Art Photographer Rob Woodcox

We had the privileged of interviewing surreal art photographer Rob Woodcox and to dive into his amazing photographic journey. Rob reveals the passion behind his inspiration, how he got started, and his future projects.

My Name is Rob Woodcox: Art Photographer

Each of us has the power to change the world.  It begins with the choices we make on a daily basis. 

 

Art Photographer

Rob Woodcox hails from Texas, raised in Michigan (U.S.A.) and his love for nature, change and creativity led him to meet art photography. In the summer of 2009 he started his photographic journey and through the love and guidance from various people he honed his talents to create beautiful works of art.

Along side with photography, his most recent project “Stories Worth Telling” is a philanthropic venture that will enable foster children to attend a summer camp. At the camp the children will be enriched, mentored, and encouraged by counselors. Find out more and support Rob’s collaborative venture at the Stories Worth Telling link at the bottom of this article (hurry there are only 13 Days Left at the publication of this article).

Rob’s photographic talent and insights are sure to capture the essence of what it means to be an artist.

 

Photigy Interview with Art Photographer: Rob Woodcox

 

How was your interest in photography sparked? Can you name a moment in time when it clicked in your mind and you realized that photography was more than a hobby, but a passion?

To be honest, photography kind of took me by surprise!  In college I had no idea what I wanted to do, and past interest in documenting my travels (in a basic point and shoot way) made me think I might like to try photography.  Very quickly, my obsession with creating a story in an image and trying to find cool ways to manipulate light became a passion. I started photo courses just over 3 years ago and graduated in December!

 

Art Photographer

Rob your conceptual art is particularly amazing. Can you describe to us your creative process behind these photographs? Do you plan each photo out or are they created more organically?

Thank you!  For the majority of my photographs I really plan out my ideas, even when I’m shooting on the fly.  I’m always getting crazy visions in my head, and once that happens I’m only satisfied once I’ve made them come to life.  Even when I go out shooting for fun with other photographers, I usually have to scan a location for a good hour and plan my approach at using the space.  I tend to scout locations, figure out how I want to use them, and then go back on a separate day or later that day to actually shoot.

Art Photographer

During your course of becoming a professional photographer, what is something you didn’t expect out of the journey?

When I initially started as a photographer I thought it’d just be a lot of fun taking pictures and getting easy money once I built up a client base.  The world of business, however, has been a sobering dose of reality that I’ve come to accept; but I’m excited to learn all I can and become a great businessperson as well.

Art Photographer

What influences your art? Do you look to other photographers for inspiration, or does your inspiration come from other sources?

Nature, dreams, and other artists inspire me; I appreciate many other art forms, my favorites being music, painting and illustration, and dance.

Art Photographer

When you create your art are their specific emotions you are trying to achieve? Can you explain some of the feelings you are trying to achieve in your photographs?

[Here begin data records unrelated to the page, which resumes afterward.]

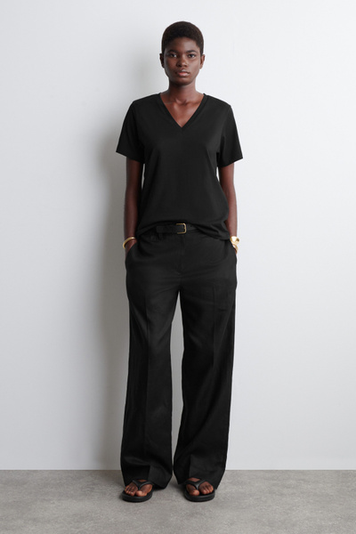 The COS womenswear team presents an everyday icon, perfected. This refined T-shirt is crafted from lightweight 150gsm cotton jersey, chosen for its comfort and unparalleled softness. It’s cut in a classic crew-neck shape and comes in a rich navy tone.
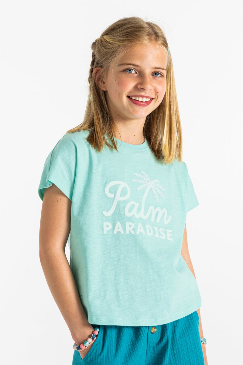 Texto, estampado de palmera y lentejuelas delante.
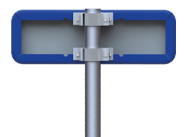 Voor montage bovenop een paal wordt een aluminium opzetbeugel gebruikt. De beugel wordt aan de binnenzijde met een stalen plaat gemonteerd, waardoor het bord vrijwel niet te verbuigen is.
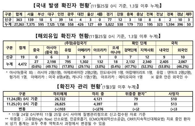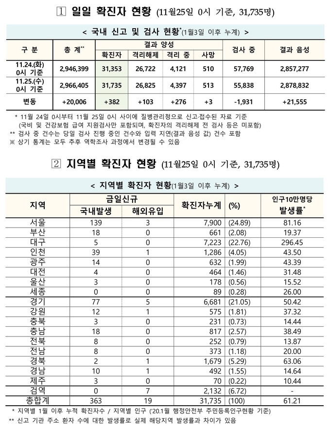 질병관리청 중앙방역대책본부는 11월25일 0시 기준으로 국내 발생 신규 확진 환자는 363명 확인되었고, 해외유입 사례는 19명 확인되어 총 382명 신규 확진 환자가 발생하였다. 이로써 지금까지 총 누적 확진 환자 수는 3만1천735명이라고 밝혔다.
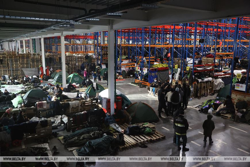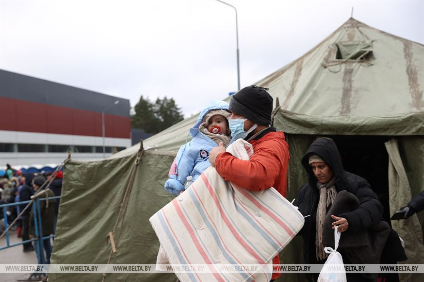 Центр временного размещения в ТЛЦ был создан по поручению Президента Беларуси. У беженцев есть все необходимое. Белорусская сторона делает все возможное, чтобы обеспечить их теплыми вещами и едой. В доставке предметов первой необходимости беженцам помогают не только органы власти, но и общественные организации, неравнодушные белорусы. -0-
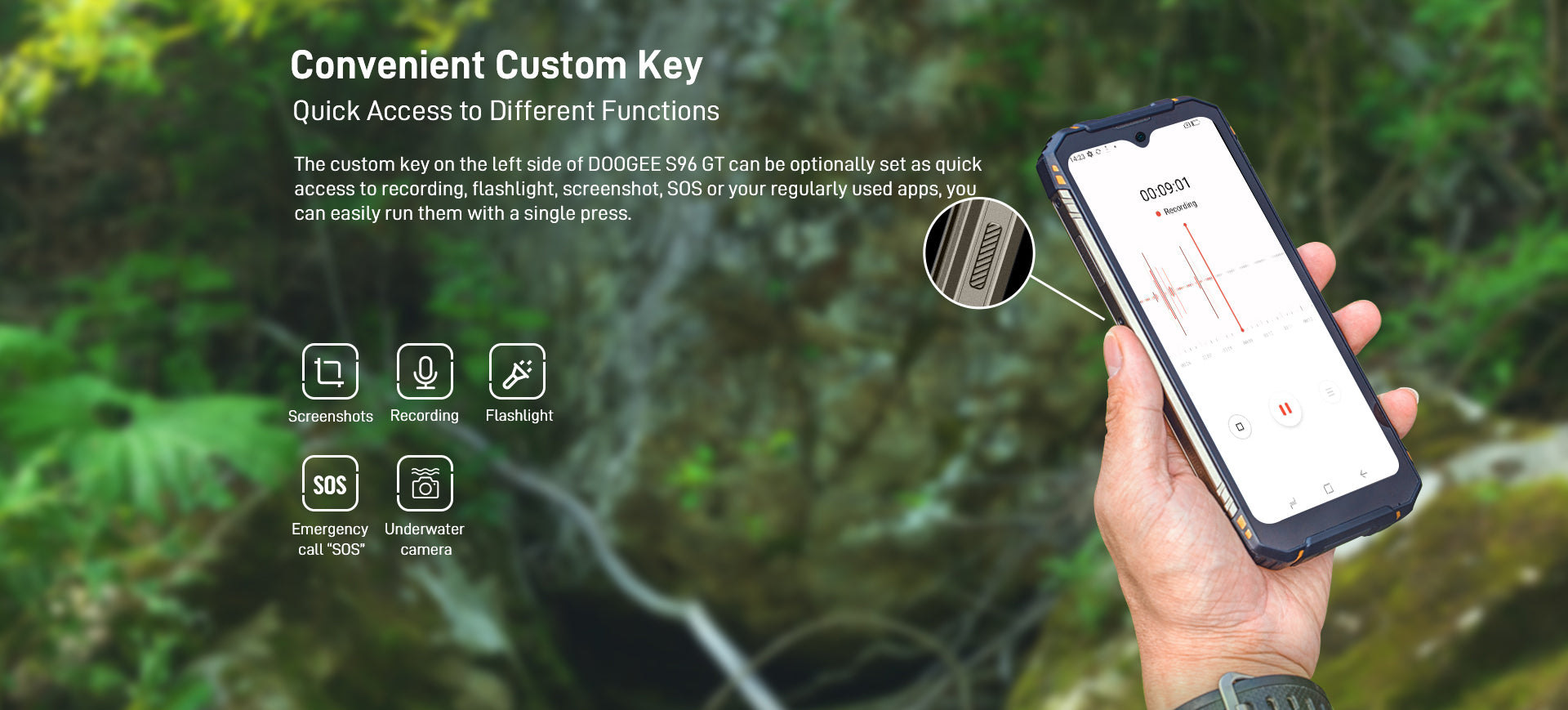 The custom key on the left side of DOOGEE S96 GT can be optionally set
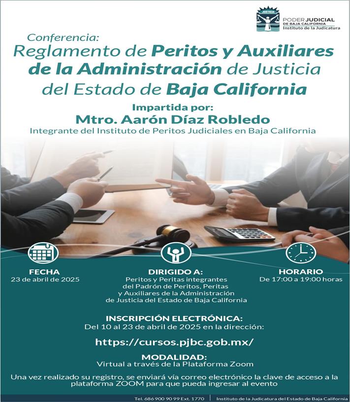 Inscripcion: Del 10 al 23 de abril en https://cursos.pjbc.gob.mx/
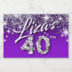 Liza's 40th Birthday Silver Glitter Purple Sparkling Wine Label
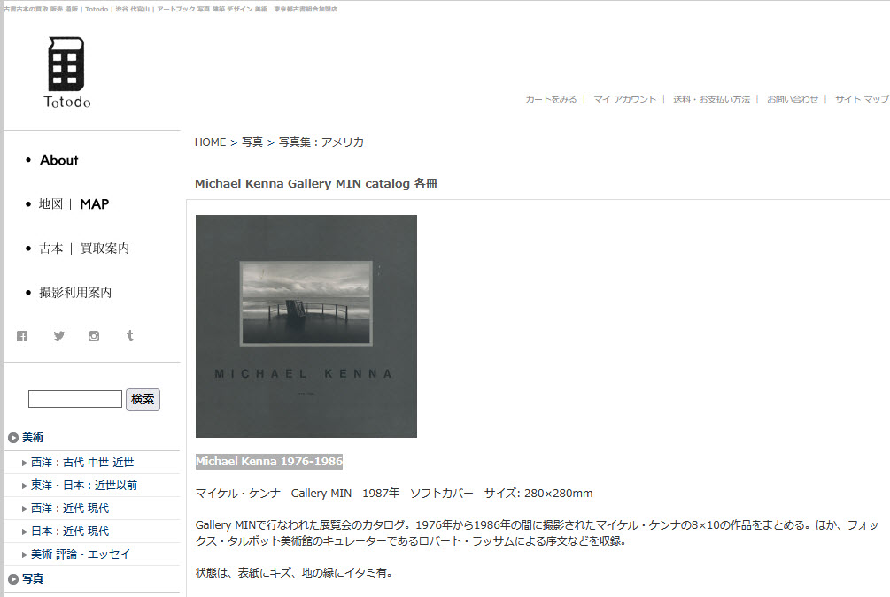 なので、ギャラリーがいつまで続いたのか、よくわかりません。ネット情報も皆無に等しいのは、本当に残念。数年とはいえ、アメリカ西海岸の作家などを日本に紹介した功績は相応のものがあるはずなのに。ネット上でただ一つだけ見つかったのは、私が在籍していた当時に作った写真集「Michael Kenna 1976-1986」で、は発行が1987年となっています。これだけでもあるだけマシか・・・。どなたか、写真史の1ページとして、ちゃんと書いてくれないかなぁ。
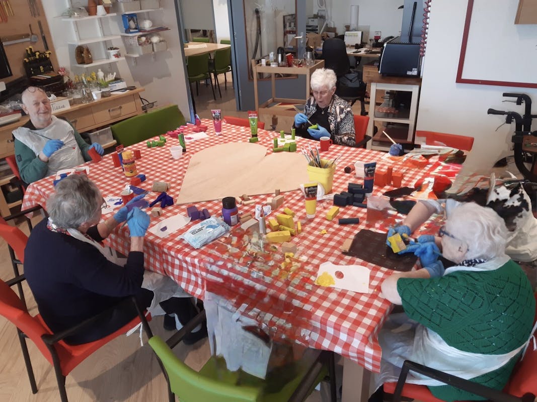 Onze gasten hebben de afgelopen maanden gewerkt aan kleurrijke, fantasierijke kunstwerken, die laten zien hoe zij De Huuskamer beleven. Jong en oud werkten samen, met mooie resultaten.
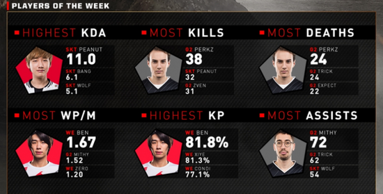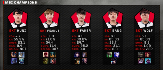 SKT战队的辅助选手Wolf场均KDA为5.1;参团率为百分之65.6;造成伤害比率为全队的百分之9.2;平均每分钟插眼数为1.09;平均每分钟的拿到的经济高达282。他在四场比赛中分别选择了河流之主、荆棘之兴、仙灵女巫、弗雷尔卓德之心为自己的出场英雄。(转自腾讯游戏)
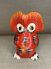 Vintage Mexico Folk Art Pottery 5” OWL coin BANK toy bird
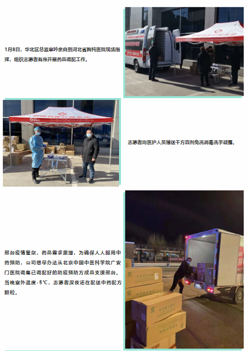 爲保障一線防疫、抗疫中藥配方顆粒的供應,駐守在河北省胸科醫院與南宮市中醫院的“流動應急智能中藥房”與新綠志願者們24小時待命,爲生命護航。
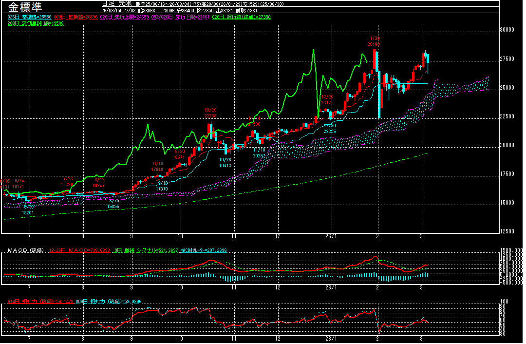 目先は2月2日を起点としたアップ・トレンドをサポートに、2月2日の安値22601円から3月3日の高値28420円の上げ幅をフィボナッチ・リトレースメントで見た場合の38.2%押し水準26197円を維持出来るか注目されます。
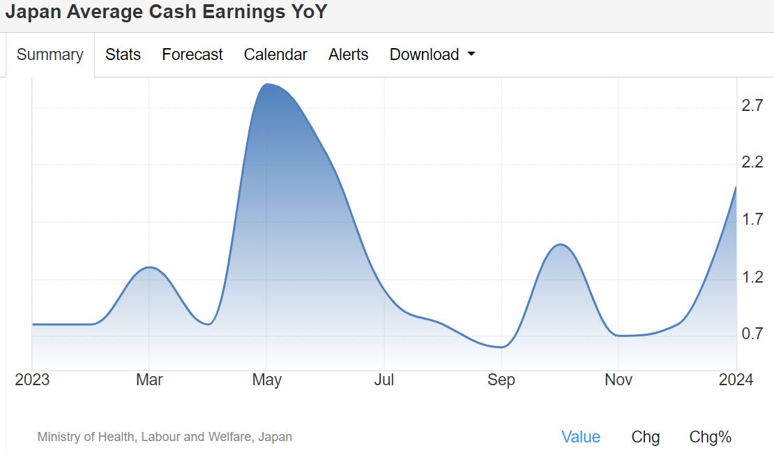 Japanese people's cash income increased +2% y/y in January (a remarkable increase compared to December: +0.8% y/y and forecast +1.2% y/y).
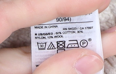 - Material Breakdown: 60% Cotton 30% Nylon 10% Wool

As I mentioned before, I love telling stories with photographs. The emotions are very important and vary depending on the story or message I am trying to convey in each image. I find it important to express sadness, pain, and lost emotions, but within any image I also make a point to include hope.   I want people to examine their own emotions when viewing my images and know that it is ok to feel the emotions that we as humans feel.  But no matter the circumstance, there is always hope for something better, which lies within each person.

Art Photographer

Can you name a collection or single work that you have created that has resonated with you the most emotionally? Why is this collection or single work significant to you?

One of the most emotionally driven pieces I have created is titled “All In Our Boxes”, and that is for various reasons.  Mainly, this piece resonates because it was the first image I created with a pre-conceived vision that turned out exactly as I had imagined, which is rare.  I had been sitting in my living room thinking about how thousands of other people were sitting in their living rooms at the same time, in their own “boxes”, many not ever taking the chance to venture out into the world and experience it for all that it is.  When I created this image, it was amongst meeting a ton of other artists for the first time that I had known online for years but never met in person.  For me, it was a life changing experience that got me outside of my own box, and one that has changed the course of my life forever!

Art Photographer

Could you describe a typical set-up of one of your conceptual shoots? Do you do on-location shooting?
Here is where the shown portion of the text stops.